## Exercise requirements
Copy, word for word, the lines below from the one containing "The gap closure" up to and including the one containing "拉萨航空挂号寄尼泊尔封一件、", with pictures left out.

## Information shown
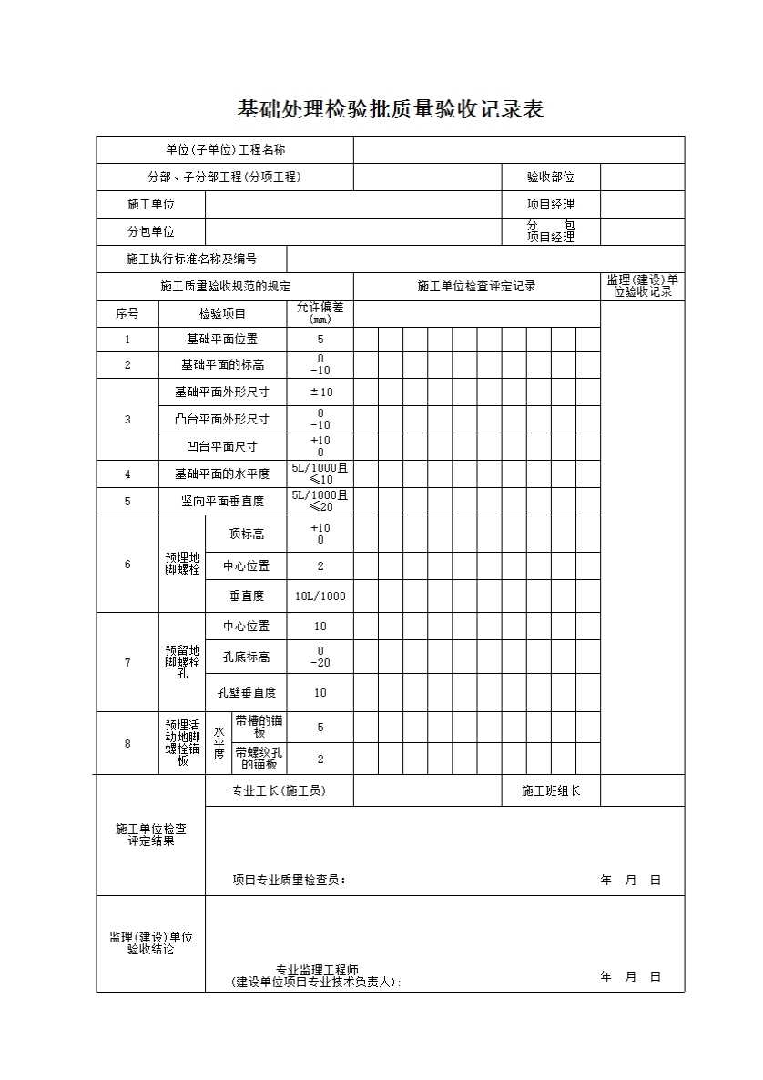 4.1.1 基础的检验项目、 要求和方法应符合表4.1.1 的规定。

--

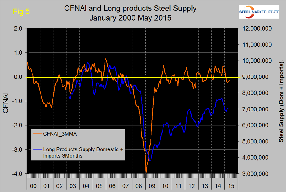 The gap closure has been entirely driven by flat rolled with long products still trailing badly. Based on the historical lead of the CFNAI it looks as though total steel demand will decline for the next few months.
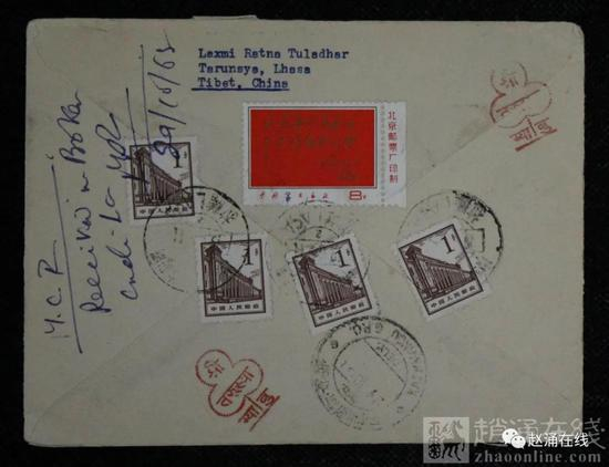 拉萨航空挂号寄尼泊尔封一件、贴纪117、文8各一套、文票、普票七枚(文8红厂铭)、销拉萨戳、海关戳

--

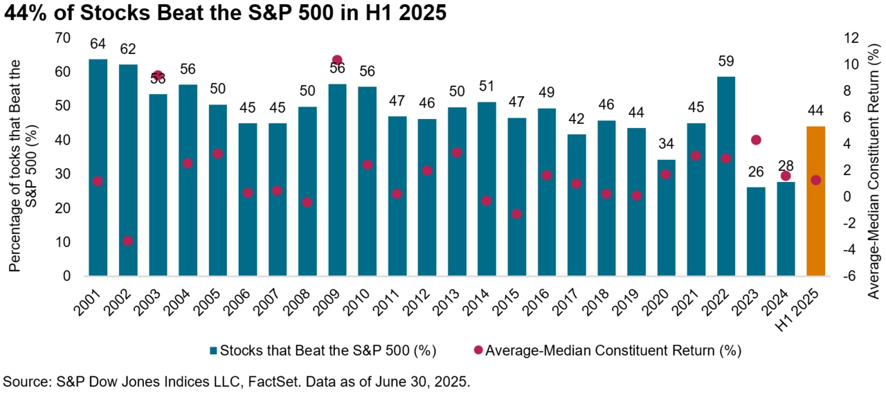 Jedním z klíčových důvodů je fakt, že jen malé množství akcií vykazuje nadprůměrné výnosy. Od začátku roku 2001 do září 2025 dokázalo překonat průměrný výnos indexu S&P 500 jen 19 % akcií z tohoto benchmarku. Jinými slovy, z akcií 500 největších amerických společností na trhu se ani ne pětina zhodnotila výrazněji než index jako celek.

## Your solution
 The gap closure has been entirely driven by flat rolled with long products still trailing badly. Based on the historical lead of the CFNAI it looks as though total steel demand will decline for the next few months.
 拉萨航空挂号寄尼泊尔封一件、贴纪117、文8各一套、文票、普票七枚(文8红厂铭)、销拉萨戳、海关戳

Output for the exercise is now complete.